A project with examples of using few commonly used data manipulation/processing/transformation APIs in Apache Spark 2.0.0
Framework: Spark v2.0.0
Programming Language: Scala v2.11.6
The project can be loaded in IntelliJ IDEA and the class org.anish.spark.etc.ProcessData can be directly run. This produces all the output.

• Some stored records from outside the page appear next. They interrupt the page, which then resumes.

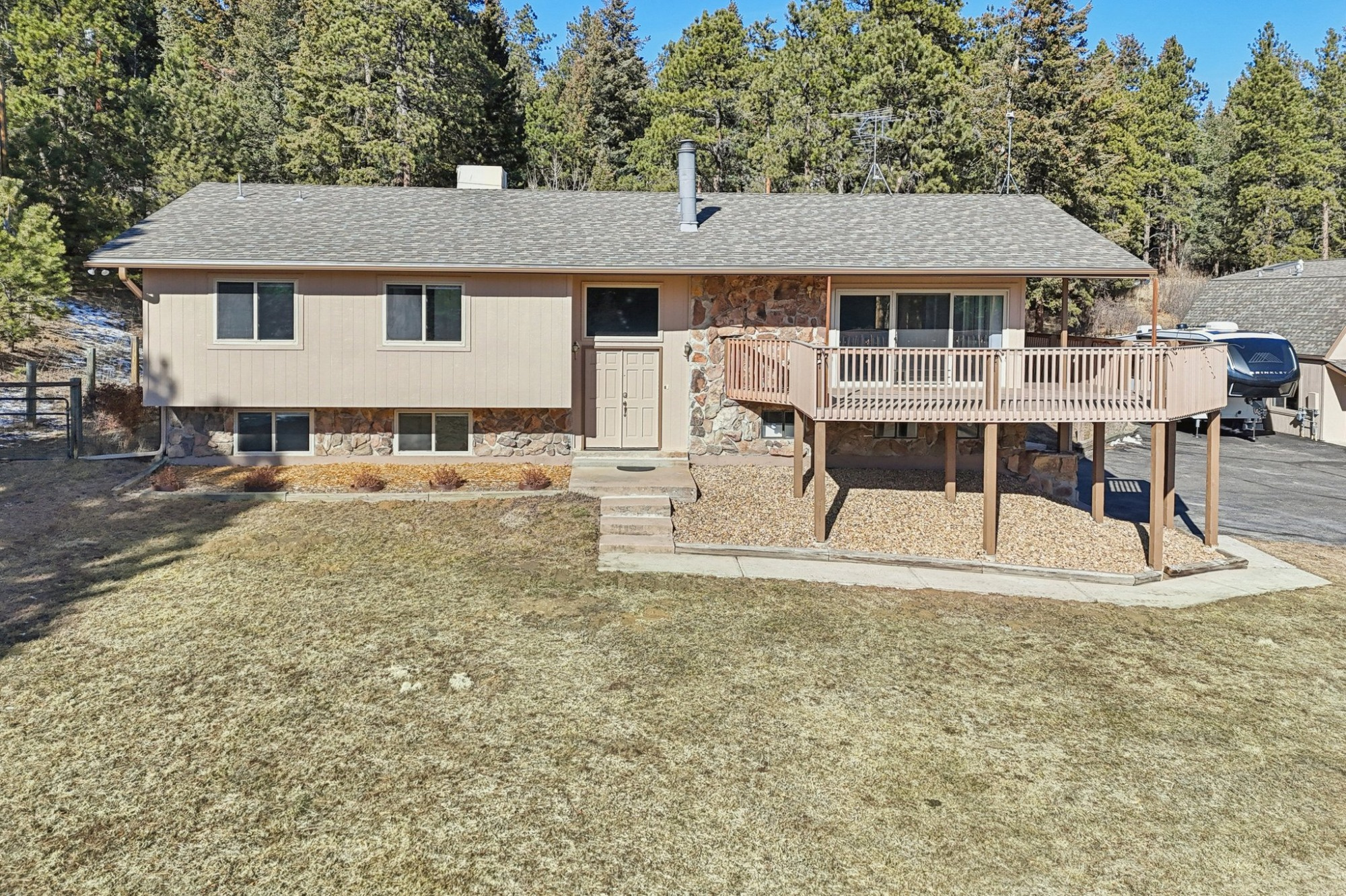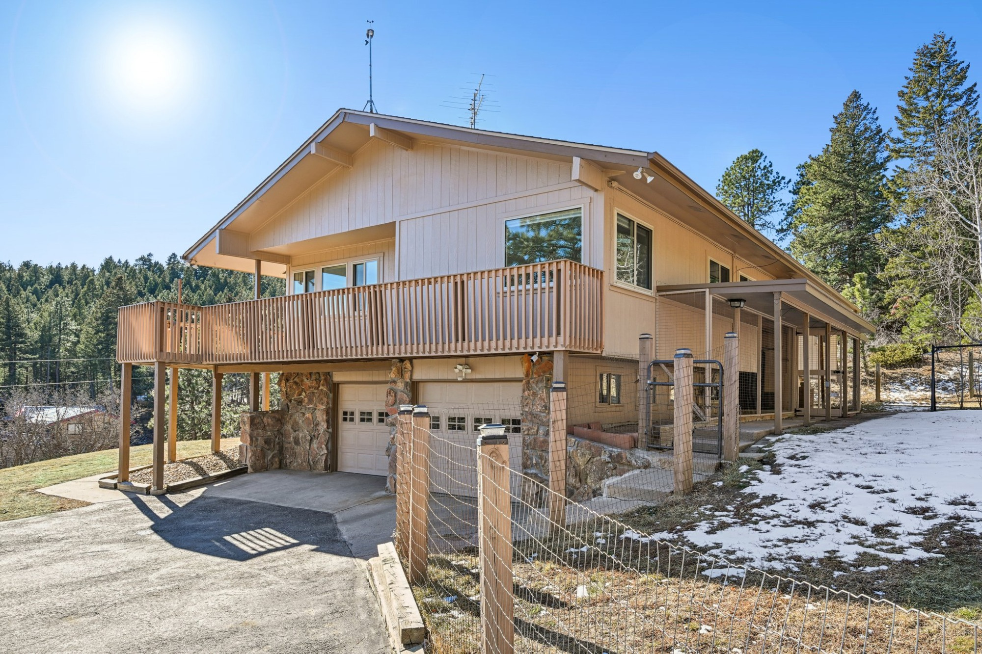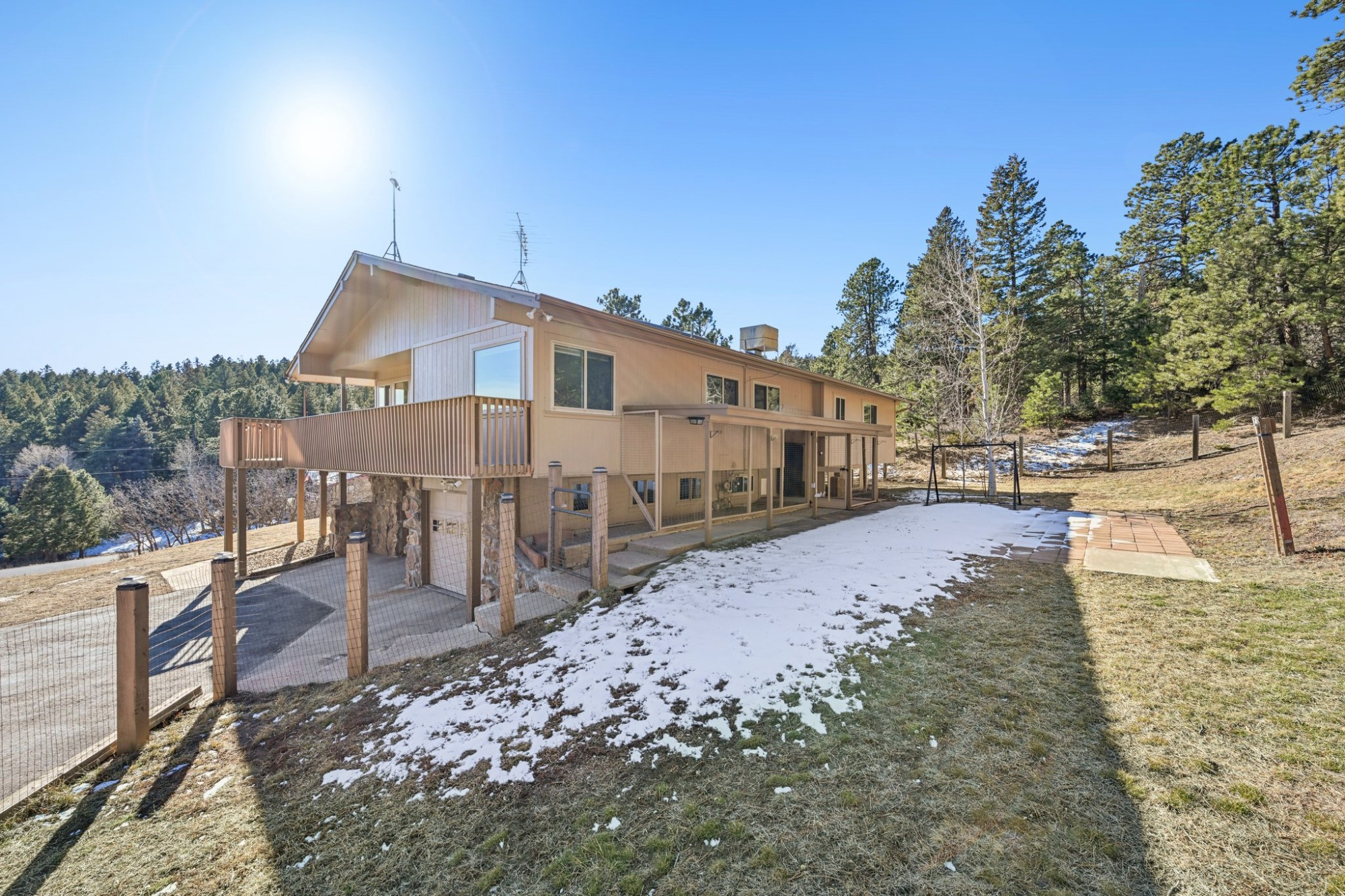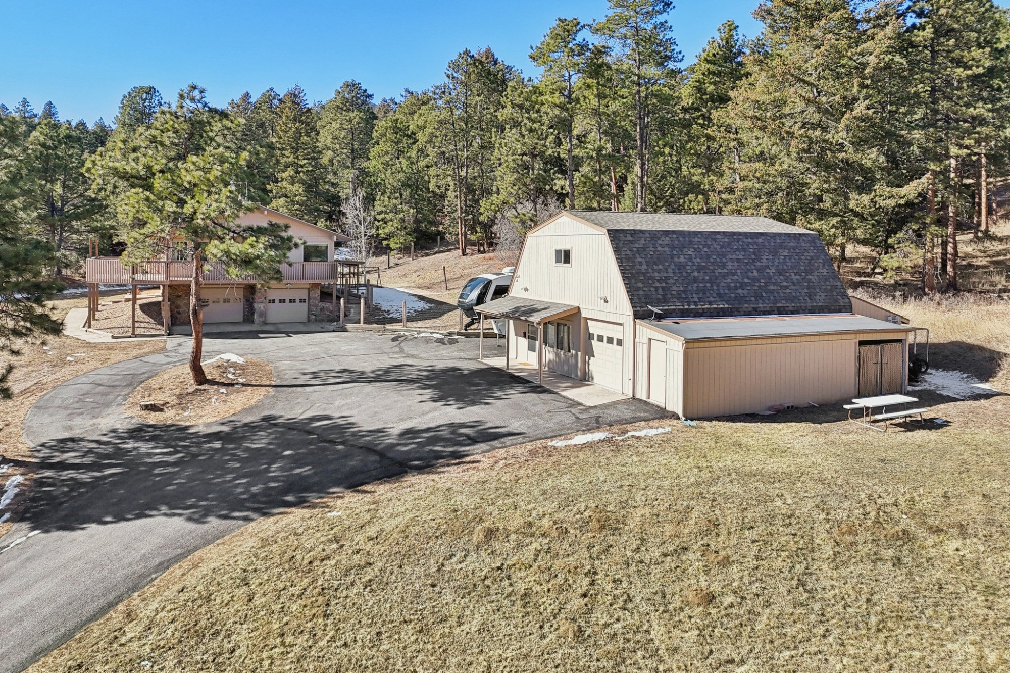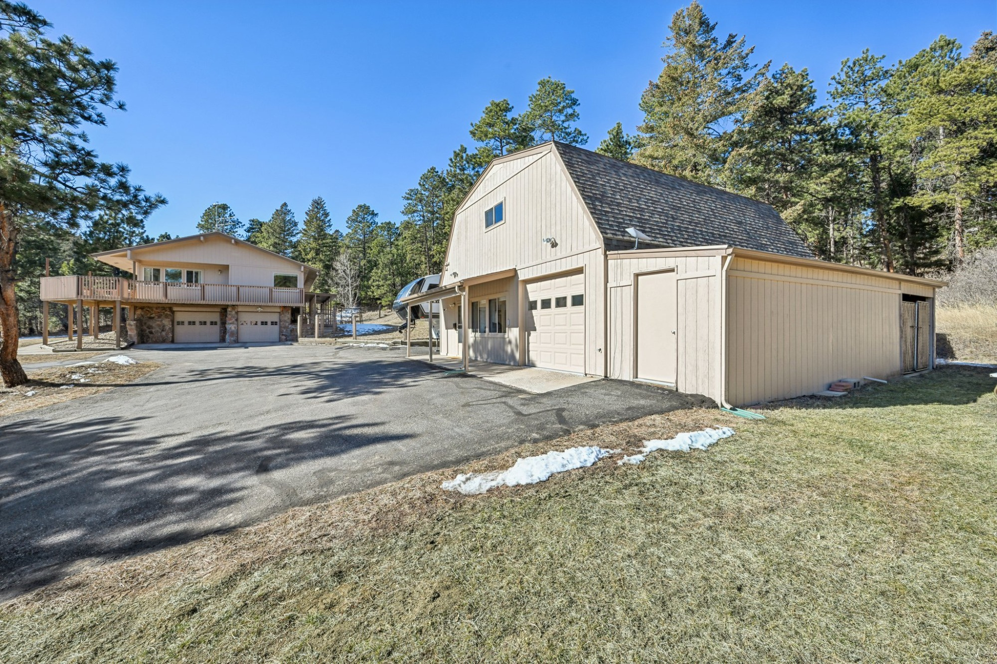 Take advantage of the Class 4 impact-resistant roof on both the main house and the ADU, along with a radon mitigation system. Enjoy the best of Colorado living on the back patio or on the wraparound deck that invites views of your wooded property with ponderosa pines and aspen, and the foothills. There’s a fenced area, 2 dog runs, and a private well. A generator adds peace of mind and a dedicated hot tub area is ready for you. There is available RV parking with 30 amp hook ups and black water dump access. Plenty of off-street parking with a level paved circular driveway. 3 heated garage spaces across both structures, including EV charging in the main garage.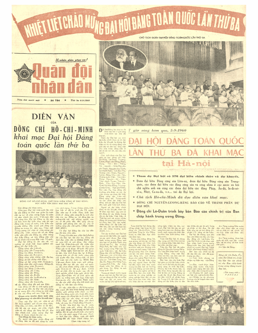 Ngày 6-9-1960, trang nhất Báo Quân đội nhân dân đăng "Diễn văn của Đồng chí Hồ Chí Minh khai mạc Đại hội Đảng toàn quốc lần thứ ba".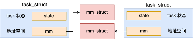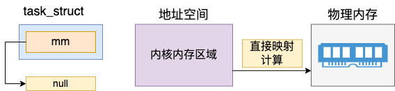 另外要注意的是,mm(mm_struct)表示的是虚拟地址空间。而对于内核线程来说,是没有用户态的虚拟地址空间的。所以内核线程的 mm 的值是 null。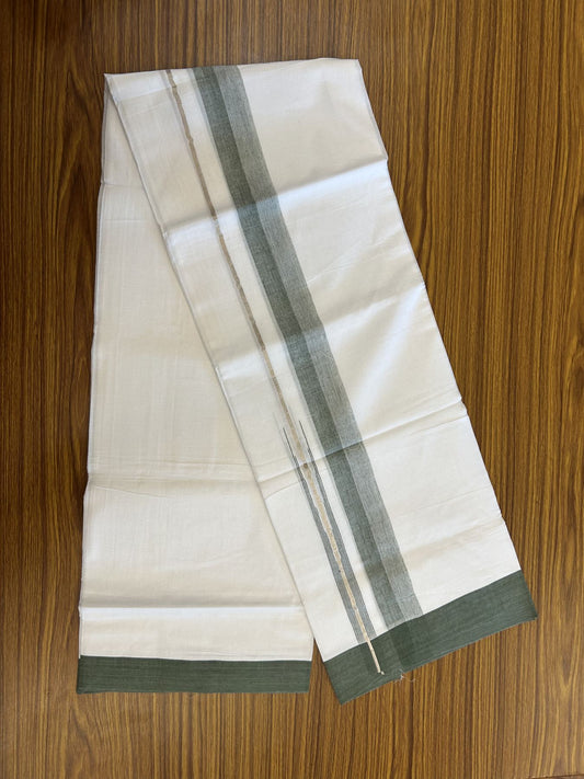 20% Discount ! Kaitharikada Balaramapuram 100% Pure Cotton Double Pure White Mundu/Dhoti - 100x80 - 1.5 inch Silver Kasav & Military Green Shaded Stripes Chutty 3.90 mtr (8 muzham) - 49 KK5312 PMC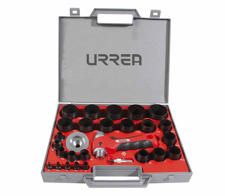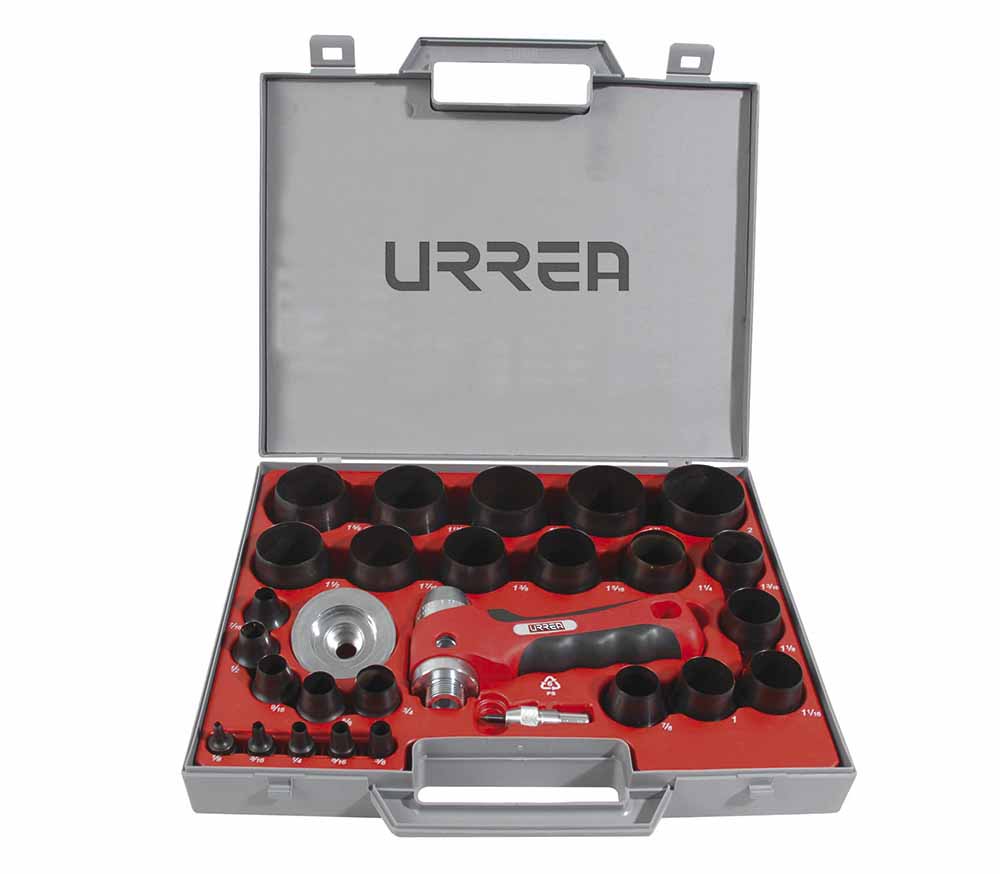 Juego de sacabocados con mango adaptador ergonónico de 1/8" a 2", 28 piezas, URREA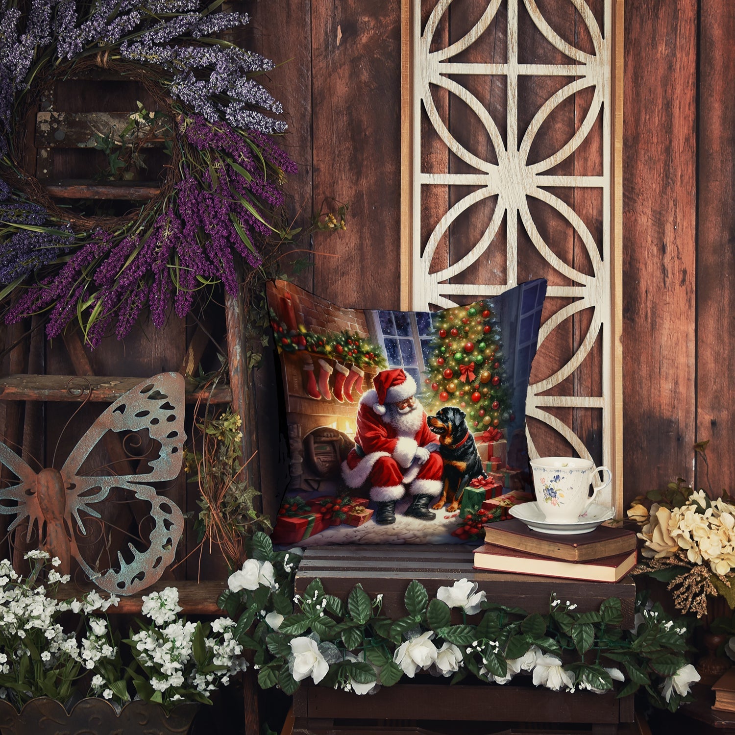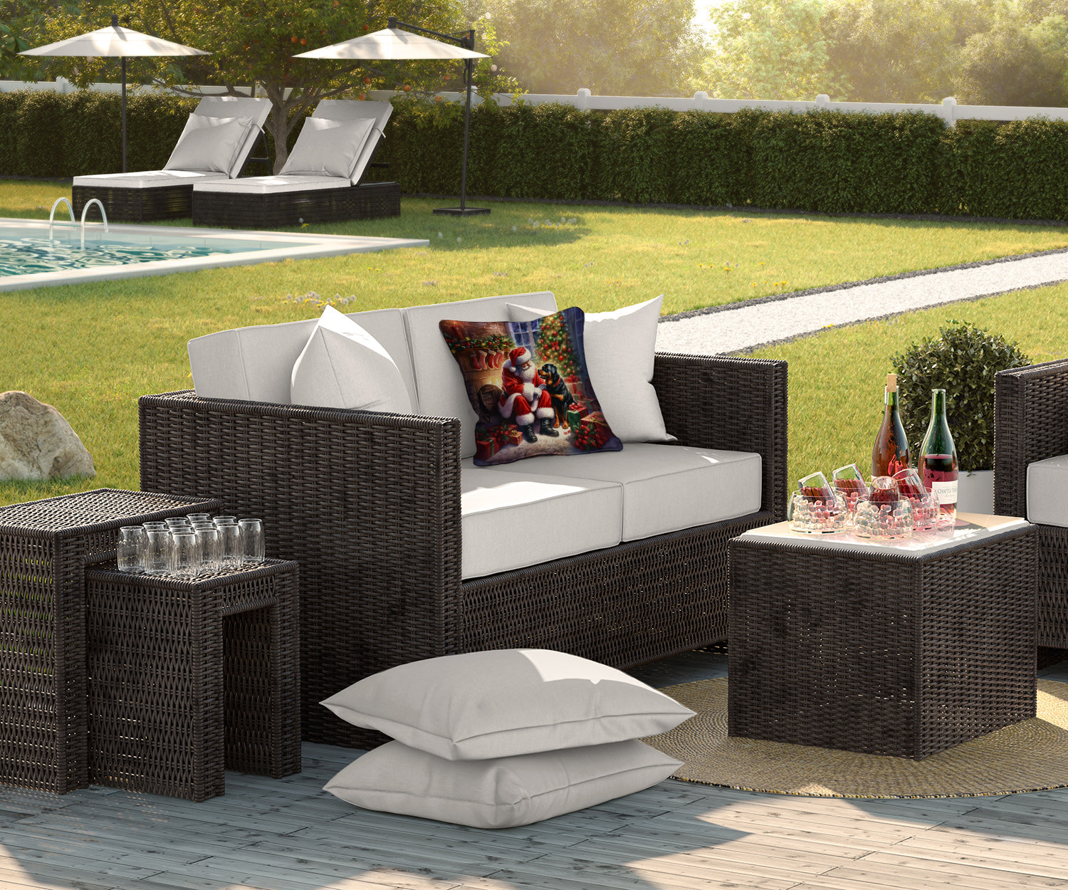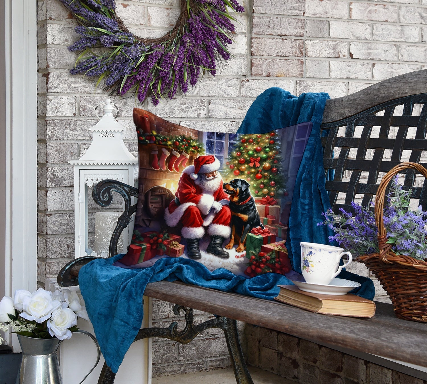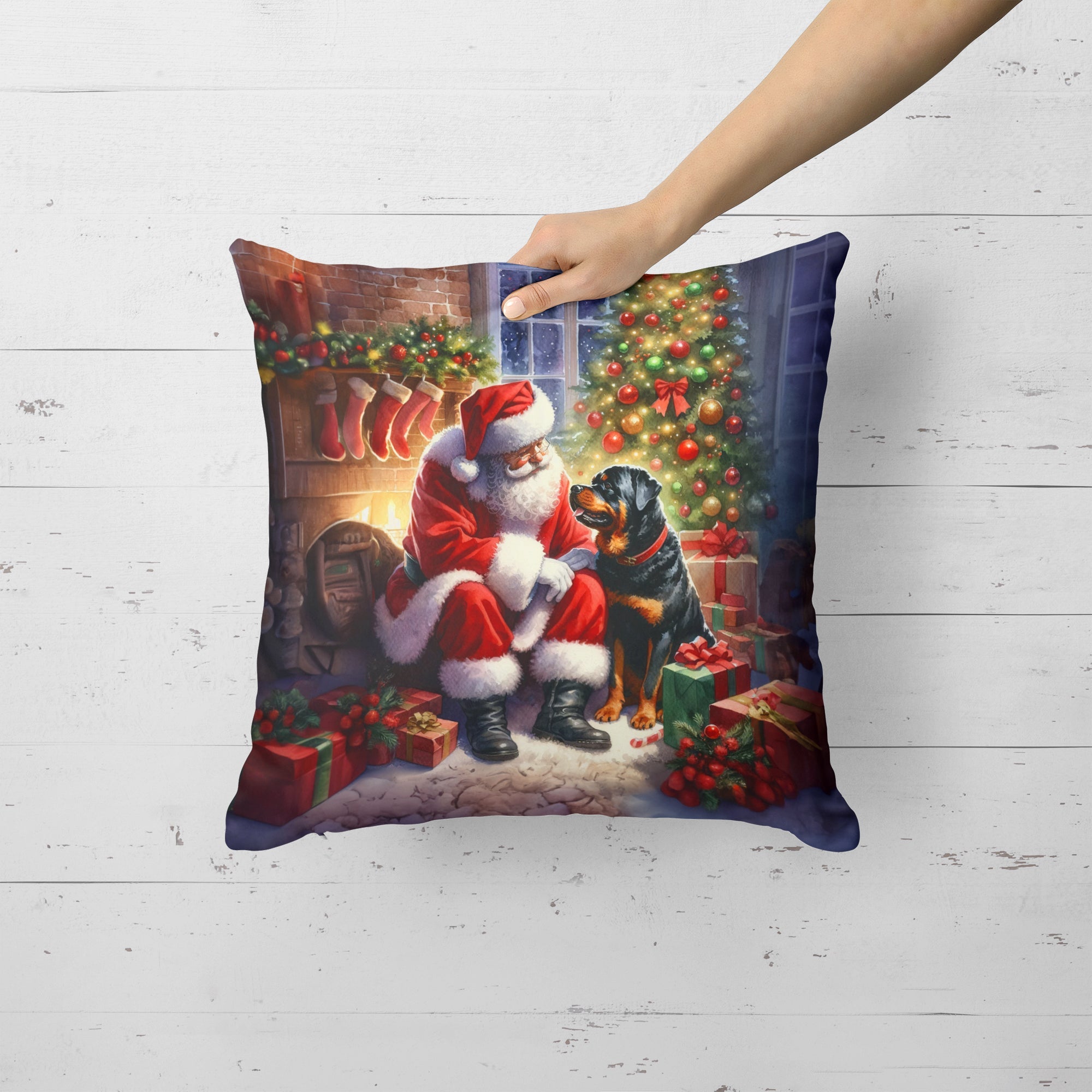 Rottweiler and Santa Claus Throw Pillow

org.anish.spark.etc.ProcessData.scala : Main object along with all transformations and aggregations to process data. Running this object (tested in local system) should produce all the required results. The input data has the following fields:
member_id, name, email, joined, ip_address, posts, bday_day, bday_month, bday_year, members_profile_views, referred_by
A given output is saved in SampleOutput.txt The output of the occurrence of IP address based on the first 3 octets group has been truncated at 500, to make it more presentable. The complete data frame is however saved in the hive tables.
Build with maven:
mvn clean install package
To run the main scala object: Data (for testing) should be in data/allData/
java -jar target/spark2-etl-examples-1.0-SNAPSHOT-jar-with-dependencies.jar
org.anish.spark.etl.hive.Constants.scala : Configurations stored as Strings in a class. Can be made configurable later.
org.anish.spark.etl.hive.HiveSetup.scala : Creates Hive tables and loads the initial data.
org.anish.spark.etl.hive.LoadToHive.scala : Do incremental loads to Hive. Also has a function to do update else insert option on the whole data set in a Hive table.
org.anish.spark.etl.hive.DemoRunner.scala : Run a demo of loading an initial data to Hive and then 1 increment to Hive. All sources are taken from appropriate folders in the data/* directory. This reqires to be run from an edge node with Hive and Spark clients running and connected to a Hive Meta Store and Spark server.
org.anish.spark.etl.ProcessDataTest.scala : Test class testing all utility methods defined in the ProcessData and LoadToHive Objects
For analysis which gave a single or a list of numbers as output like most birth days day, least birthdays month, years with most signups, the output from the provided sample is in SampleOutput.txt along with data frames truncated at 500 records.
All queries which produced a dataset as output are saved as avro files in the folder spark-warehouse/. This can be recreated by executing java -jar target/spark2-etl-examples-1.0-SNAPSHOT-jar-with-dependencies.jar
- Run mvn clean install to build the project
- Scala tests
- Build is successful
- Run java -jar target/spark2-etl-examples-1.0-SNAPSHOT-jar-with-dependencies.jar to produce analysis results. This also shows the following outputs:
- Most birthdays are on: 1 day(s)
- Least birthdays are on: 11 month(s)
- Continuation of output:
- Email providers with more than 10K
- Posts by email providers
- Year(s) with max sign ups: 2015.
- Class C IP address frequency by 1st octet
- Continuation of output:
- Frequency of IP address based on first 3 octets (truncated)
- Continuation of output:
- Number of referral by members
For loading incremental data to hive tables: This creates a table in hive with already existing data. Loads the data already present.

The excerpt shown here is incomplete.